We used five standard metrics to evaluate model performance: Accuracy (ACC), Sensitivity (Se), Specificity (Sp), F1 Score, and Area Under the Curve (AUC). ACC represents the proportion of correctly classified pixels. Se measures the ability to identify vessel pixels (true positive rate), while Sp measures the ability to correctly identify background pixels (true negative rate). F1 Score balances precision and sensitivity, and AUC evaluates overall performance across different decision thresholds.

Experimental details

We evaluated model performance on three public datasets (CHASE, DRIVE, and STARE), comparing results with state-of-the-art methods. Ablation experiments were conducted to analyze each module’s contribution. The model was implemented in PyTorch and trained using the Adam optimizer with an initial learning rate of 0.0001. Detailed experimental environment and hyperparameter settings are listed in Table 1. We employed the ReduceLROnPlateau strategy to dynamically adjust the learning rate, reducing it to 10% when validation loss showed no improvement. Training was performed for 100 epochs with a batch size of 16 and cross-entropy loss function.

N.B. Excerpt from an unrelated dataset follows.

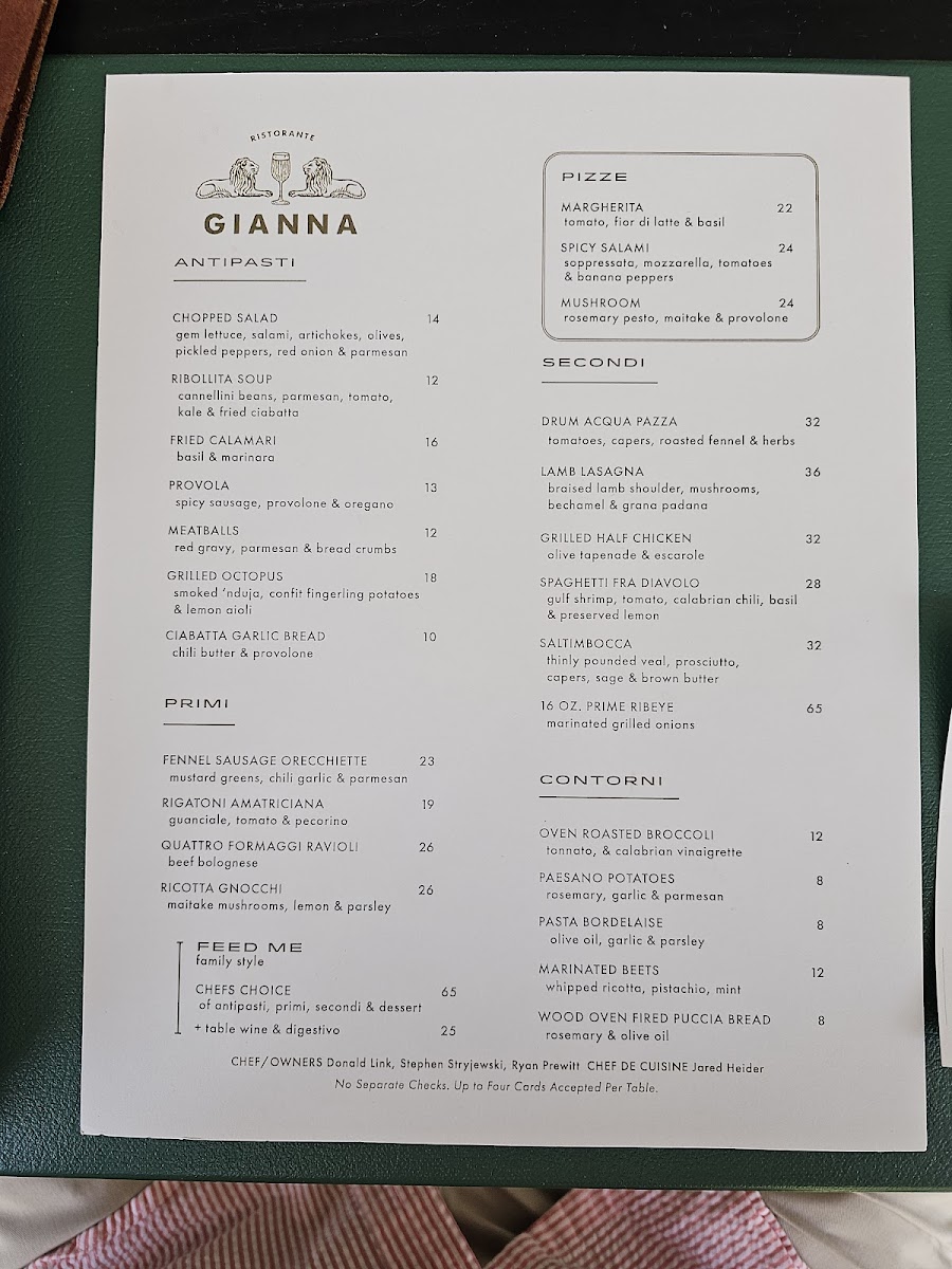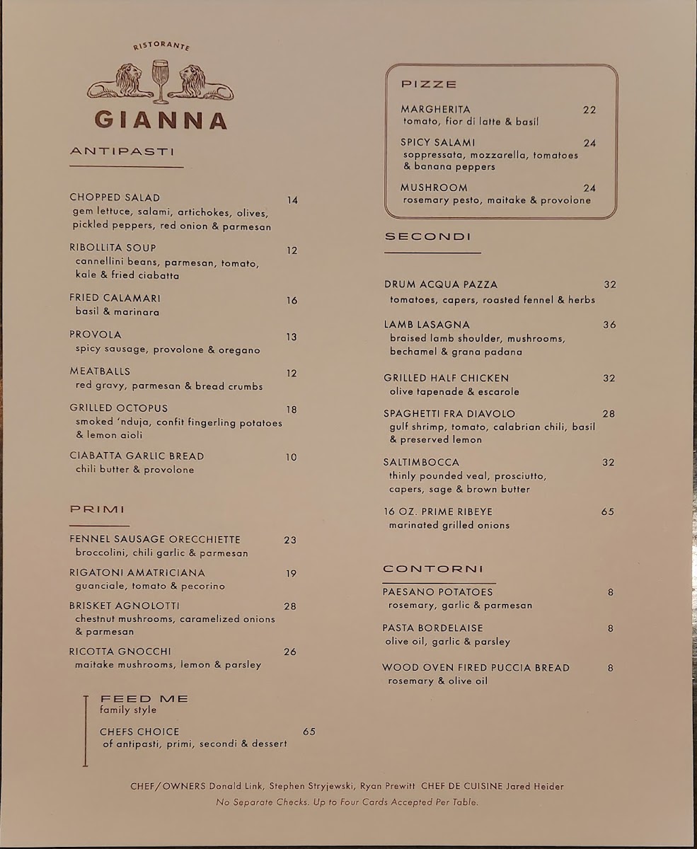 Welcome to Gianna Restaurant, a culinary gem nestled in the heart of New Orleans at 700 Magazine St #101. Known for its authentic Italian flavors, Gianna boasts a menu rich in variety and vibrant taste. The restaurant curates an array of delectable pastas, including the delightful Crawfish Radiatore and mouth-watering Agnolotti. Appetizers like the savory Meatballs and refreshing Kale Salad are perfect starters to your meal.

Table 1 Experimental environment and hyperparameter settings.

Full size table

Comparisons with state of the art models

Table 2 presents a performance comparison of various algorithms on the CHASE_DB1 dataset, including classical methods such as U-Net, AttentionU-Net, LadderNet, and ResUNet++, as well as recent advanced models. As shown, EFDG-UNet outperforms the other models on the CHASE_DB1 dataset, achieving superior Acc, Sp, AUC, and F1 score.

Table 2 Comparison of different algorithms on the CHASE_DB1 dataset.

Full size table

EFDG-UNet achieves accuracy of 0.9788, specificity of 0.9893, AUC of 0.9932, and F1 score of 0.8469, leading in overall performance. Compared to the latest 2024–2025 models, EFDG-UNet demonstrates superior accuracy over MVM-UNet with an accuracy of 0.9762 and TCDDU-Net with an accuracy of 0.9723. The sensitivity of 0.8405 is slightly lower than the sensitivity of SDDC-Net of 0.8627 and D-MNet of 0.8541, but higher than MVM-UNet with a sensitivity of 0.8305, DMSU-Net++ with a sensitivity of 0.8281, and TCDDU-Net with a sensitivity of 0.8187, and it shows a 10.5% and 9.8% improvement over U-Net and ResUNet++ in terms of sensitivity, respectively, indicating significant progress in detecting small vessels and complex details. Regarding specificity, EFDG-UNet leads most comparison models with a specificity of 0.9893, surpassing DMSU-Net++ with a specificity of 0.9880, MVM-UNet with a specificity of 0.9860, and TCDDU-Net with a specificity of 0.9823, second only to ResUNet++ with a specificity of 0.9924 and MBSNet with a specificity of 0.9892. This suggests its high reliability in distinguishing vessels from background regions, effectively reducing false positives and enhancing segmentation accuracy. With an AUC of 0.9932, EFDG-UNet outperforms TCDDU-Net with an AUC of 0.9850 and DMSU-Net++ with an AUC of 0.9836. The F1 score of 0.8469 is the highest among all models, exceeding CFFANet with an F1 score of 0.8420, DMSU-Net++ with an F1 score of 0.8281, TCDDU-Net with an F1 score of 0.7838, as well as MBSNet with an F1 score of 0.8386, and is also higher than Attention U-Net with an F1 score of 0.8248 and HRNet with an F1 score of 0.8346, demonstrating a good balance between precision and recall and reflecting its superior overall performance.

Table 3 summarizes the performance of EFDG-UNet and other leading algorithms on the DRIVE dataset. The comparison results show that EFDG-UNet achieves a favorable balance across several key metrics, showcasing its potential as an advanced segmentation model.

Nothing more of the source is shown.